Yes. I'm sure they apply all the mitigations possible.

Worth mentioning that the previous state of the art solution relied on a radio link too. Not sure if it was an implementation where jamming could led to flight termination, or where jamming could lead to failure to terminate a flight. But jamming, and resistance to it, was a concern even before autonomous flight termination.

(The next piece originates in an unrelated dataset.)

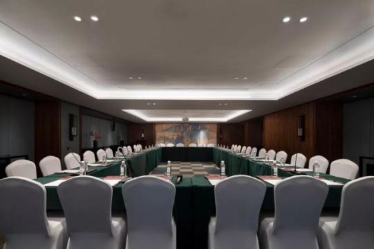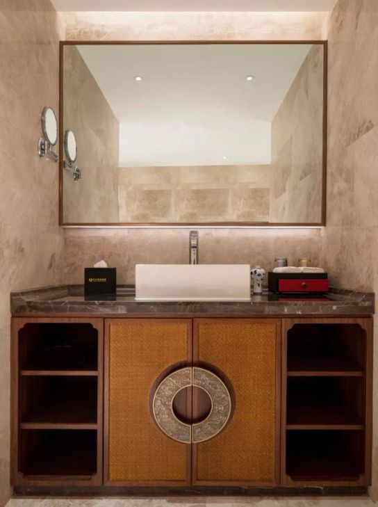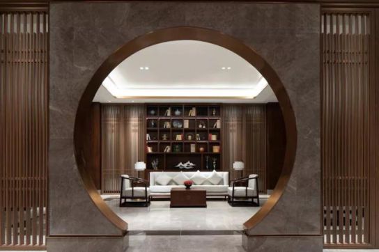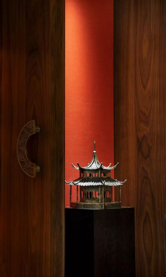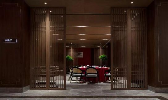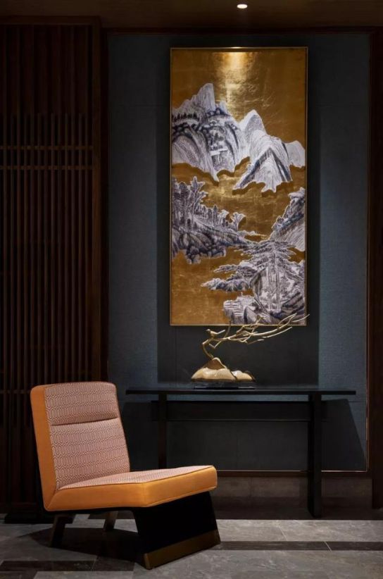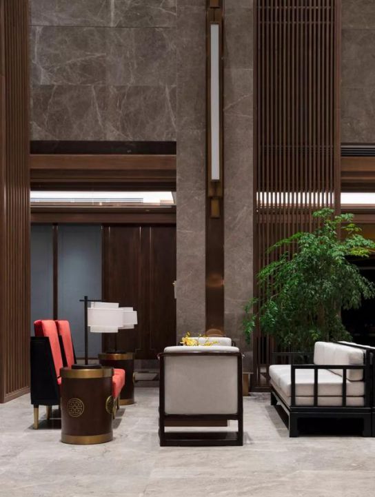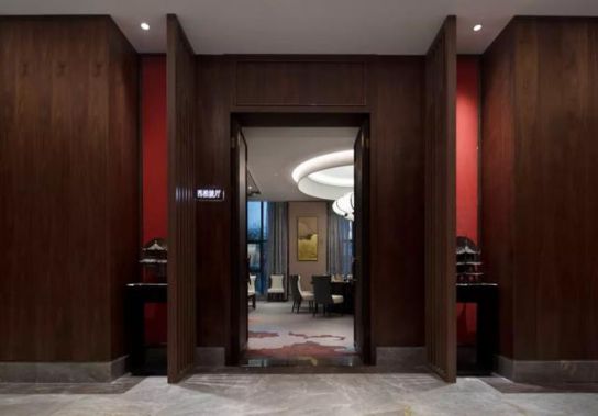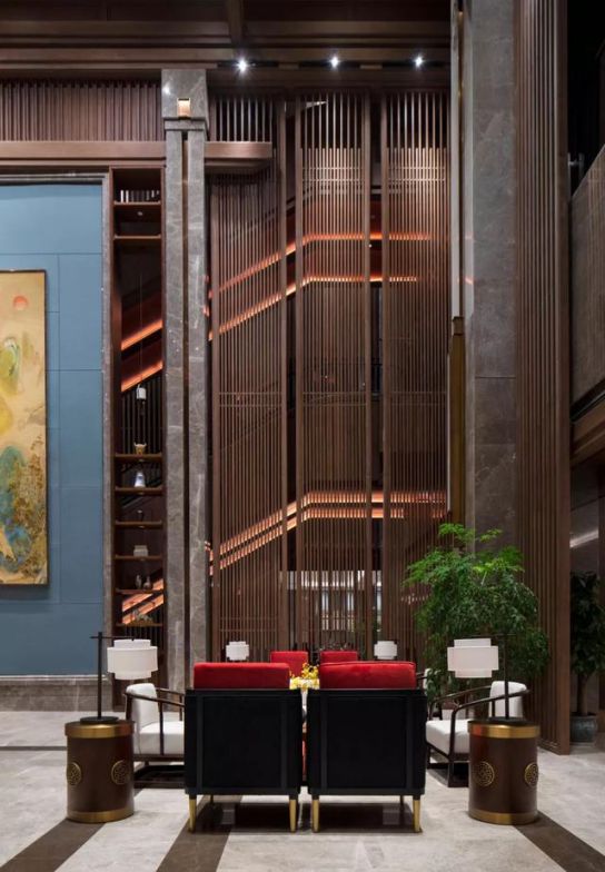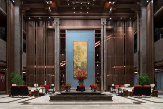 整個(gè)大堂以東方韻味的裝飾設(shè)計(jì)風(fēng)格展現(xiàn)豐富的紅色文化傳承。前廳服務(wù)結(jié)構(gòu)對(duì)稱分布,中軸盡頭將傳統(tǒng)照壁進(jìn)行了改良,成為視覺中心點(diǎn)。室內(nèi)陳設(shè)采用了明、清家具造型和款式特征,并且將中國(guó)尊、鼎、璽、韶樂、書法雕塑融入之中,為大堂空間增添了無限的藝術(shù)張力。

A bit hard to GPS jam a rocket on the way up.
If I were writing such a system it would have very straightforward if-statements linked directly to FAA requirements. No faffy AI stuff is needed.
I'm pretty sure Falcon 9 carrying crew has an AFTS. Challenger was destroyed by an FTS system as well despite having crew on board. I think it's just a risk you have to take to go on a rocket ride.
> Challenger was destroyed by an FTS system

No. The shuttle broke up when the overall stack became unstable due to the right hand SRB separating because a strut that attached it to the external tank failed (due to a blowtorch effect from a failed O-ring). The Challenger orbiter ended up 'on top' and broke into several chunks - without involvement of any FTS - because of the aerodynamic stress (one of these chunks was the crew compartment). The SRBs were destroyed by their FTS systems, but this was more than 30 seconds after Challenger broke up. The ET simply disintegrated.

[Edit] added emphasis that the orbiter break-up (and destruction) was not due to any FTS.

I'm very aware of why it initially broke up. But once that started, the range safety officer did activate the FTS system.

The point is that rockets carrying crew do indeed have FTS systems - presence of a crew doesn't negate that need.

The SRBs (and the EFTs) had FTS's, but the Orbiters didn't.
>the range safety officer did activate the FTS system.

That doesn't sound very automatic.

The Crew Dragon capsule has escape rockets that will fire as part of the flight termination system to carry the crew safely away.